Нестерпимо слепили стекла. Над пламенем она сидела. Бураев отвернулся, пошел.
Медленно ступая, шаг за шагом, как на прогулке, шел перед ним почтенный господин, покойный, элегантный, в котелке весеннем, новом, в свежем пальто, в обтяжку, в палевых перчатках, с тростью в серебряных потеках. Приостановился, поглядел в деревья, на воробьев, вертевшихся в решетке, вынул из бумажки крошки, стал бросать, залюбовался. Бураев тоже приостановился, вспомнив, как дед когда-то, такой же элегантный, надушенный, в серебряной бородке, в шарфике, в пенсне, так же вот гулял неспешно по Невскому Проспекту, в Летнем Саду сидел и так же наблюдал воробушков, кидал им крошки. Так же зеленели первые листочки, там. И захотелось говорить, спросить, услышать голос. Он подошел учтиво, взял под кубанку:
– Простите, сударь…
Он заметил, как выпрямился парижанин, окинул взглядом, насторожился… но сказал вежливо и даже мягко:
– Пожалуйста, что вам угодно?.. Бураев вежливо склонился:
– Скажите… эта статуя на фронтоне вокзала, над полурозеткой… статуя Страсбурга?..
Румяно-серебристое лицо француза осветилось горделивой лаской:
– Да, сударь, это статуя Страсбурга! Ключ, жезл… символ хозяйской власти. Страсбург снова наш, и навсегда! – сказал он, ткнув в решетку тростью. – Простите, вы… поляк? или, судя по платью… казак?.. – он чуть пожал плечами. – Но говорите, как настоящий парижанин?..

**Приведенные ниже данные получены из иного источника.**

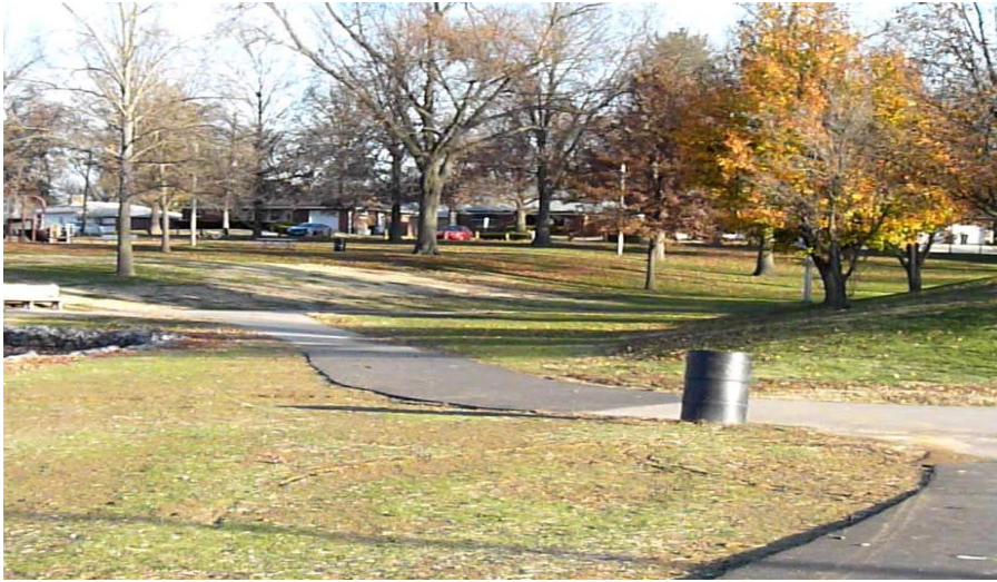
North End Park, Belleville
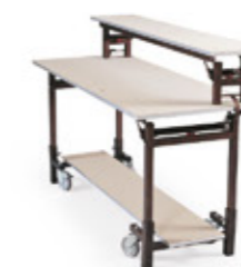
BUFFET SERVICE UNIT

Бураева хлестнуло; полыхнуло в щеки. Он выпрямился, усмехнулся.
– Простите… племени «cosaque» нет, сударь. Есть – русский. Правда, теперь..! Но я имею честь быть русским! – сказал он гордо. – А это – казачья форма императорской российской армии, которая дралась в Восточной Пруссии, в сентябрьские дни четырнадцатого года… в те дни… Мира с врагом не заключала… осталась верной чести!.. – прибавил он с нажимом.
Почтенный господин замялся.
– Простите… я хотел сказать… вы так прекрасно..?
Бураев поклонился, извинился. Пошел смущенный. «Чертовы какие нервы… все цепляет! Любезный человек, своим гордится… и имеет право. „По-ляк!..“ Не ожидал, чудак…»
Бураев шел, оглядывая силу, красоту, богатство.
«Нравственность народов… У стихии – какая нравственность! А мы-то верили!.. За науку платят. Будем знать».
Крылатый полицейский смотрел от фонаря, переминался. Но смотрел лениво, равнодушно.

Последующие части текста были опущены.